Australian authorities have flown a group of refugees from Indonesia's troubled province of West Papua to a remote Indian Ocean island detention center, sparking protests by refugee rights advocates.
Source:
SBS
20 Jan 2006 - 12:00 AM  UPDATED 22 Aug 2013 - 12:18 PM

The 43 Papuans, who reportedly include prominent pro-independence activists and their families, arrived on the northern coast of mainland Australia on Wednesday aboard an outrigger canoe in an apparent bid for asylum.

The political nature of their flight from Indonesia was highlighted by a banner strung on their canoe that accused Indonesia of "genocide" in West Papua, a former Dutch colony that Indonesia took over in the 1960s.

The incident threatened to upset delicate Australian-Indonesia relations at a time when the two countries are negotiating a new security treaty that is expected to include a pledge by Canberra not to interfere in provinces like Papua.

After carrying out initial health checks on the Papuans in a town on northern Australia's remote Cape York Thursday, Australian authorities flew the group aboard an air force transport plane overnight to Christmas Island, an Australian territory in the Indian Ocean, the immigration department said.

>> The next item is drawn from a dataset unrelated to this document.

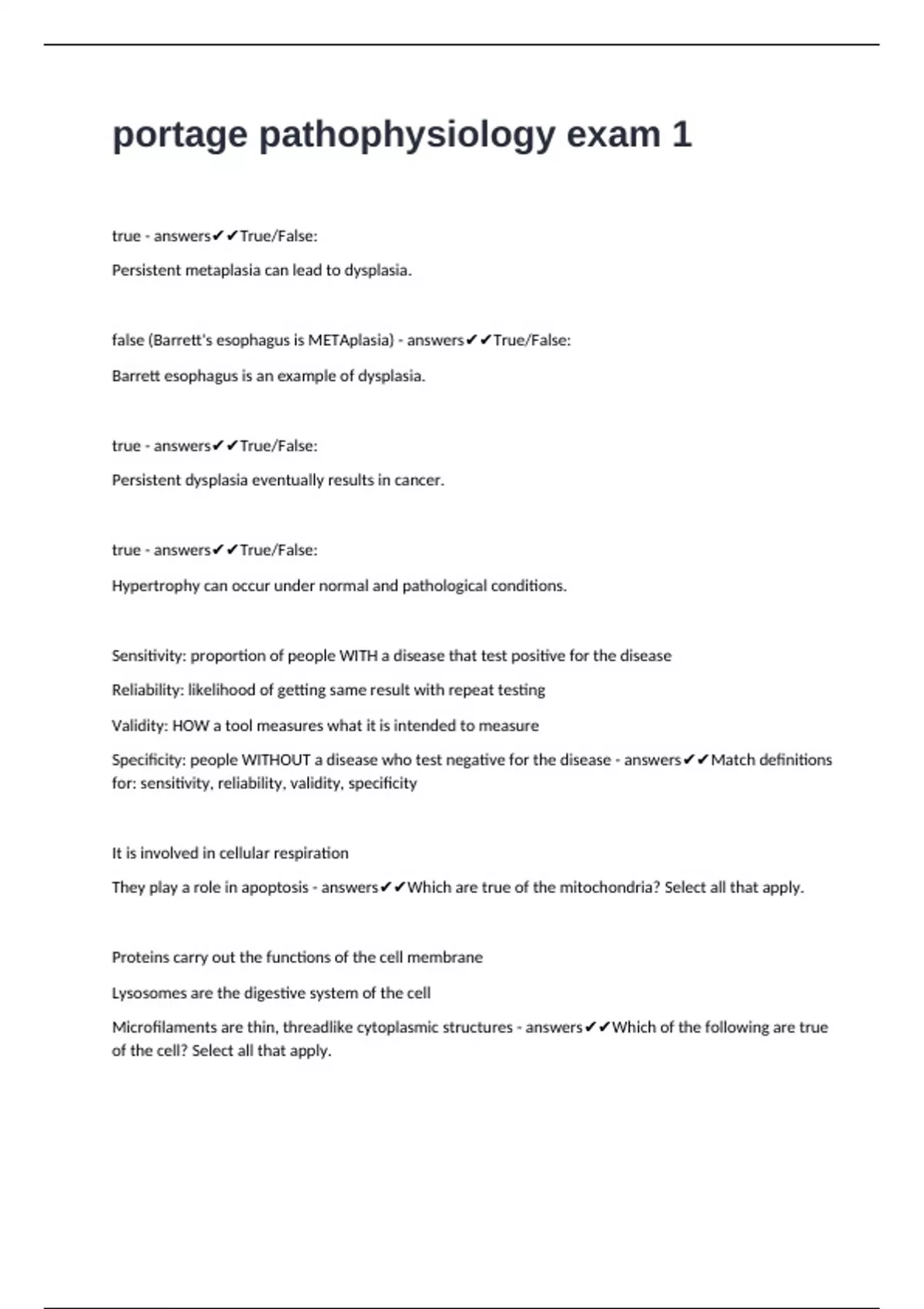 false (Barrett's esophagus is METAplasia) - answers✔✔True/False:
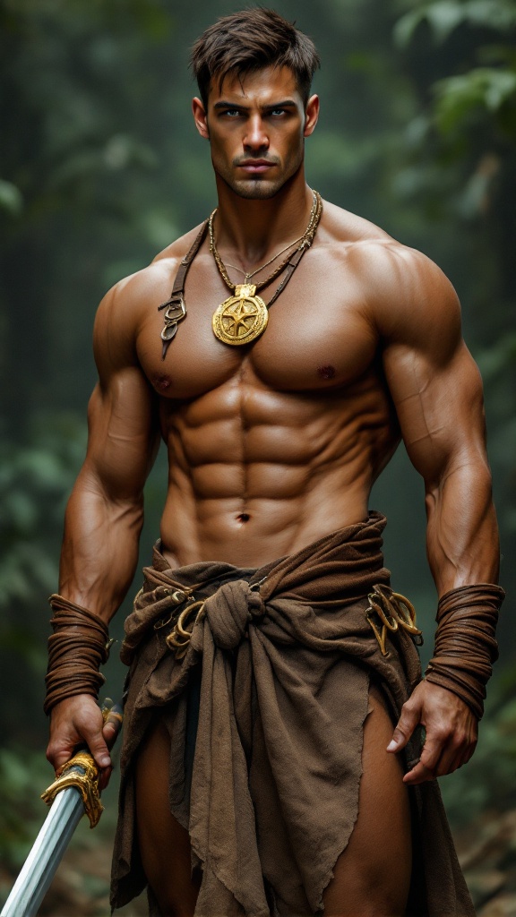 hypermasculine male, manly. Caucasian jungle man, dark brown hair short on sides longer on top. A brown leather band tied around the forehead. Tanned skin, smooth and hairless. Pale grey eyes with intense spiritual gaze. Strong brow and chiseled strong jaw, handsome, rugged looks. Tall, strong, muscular, sinewy, well defined, broad shoulders, broad chest, wide back. Olympian gymnast build/body. Gold necklace/talisman with leather strap around the neck. Wrapped brown leather bands around wrists, bands around tops of biceps, accenting big arms. Brown o-ring harness on the chest, strapped from the shoulder. Brown leather loincloth, barely covering the crotch area, exposing strong powerful legs. Soft, brown cloth knee-high boots wrapped around legs. Full body pose. He wields a unique bastard sword that he straps to his back. He keeps company with a huge, sleek black panther. ((MASTERPIECE))

"The men in the group will be accommodated at the Phosphate Hill Detention Centre, while the women and children will be placed in staff housing," department spokeswoman Sandi Longan said.

Move criticized

Human rights groups and the opposition Labor Party criticised the decision to move the asylum seekers to Christmas Island rather than process their asylum claim on the mainland.

"I don't understand when there's excess capacity at mainland detention centers, why there's a need to take these asylum seekers as far away as possible from the best legal teams," said Tony Burke, immigration spokesman for the Labor Party.

"By all accounts, we're yet to see any argument why these individuals would not be found to be genuine asylum seekers, I can't see why Christmas Island's appropriate in this case," he said.

Australian media reports said Indonesian officials were allowed to meet with the Papuans before they were moved to Christmas Island, but no details of the encounter were made public.

A spokesman for the Indonesian embassy in Canberra earlier said any claim for asylum by the group would be "baseless".

But a foreign ministry spokesman in Jakarta said that Indonesia was remaining open minded about the incident and wanted to "manage this case well".

Indonesia won sovereignty over Papua, which was then called West Irian, in 1969 after the UN allowed an integration referendum with a public show of hands by a few hundred hand-picked tribal leaders.
The vote was labelled a sham by critics.

Poorly organised separatists have since been fighting a sporadic and ill-armed guerrilla war, amid charges by international human rights groups of widespread abuses by Indonesian military forces.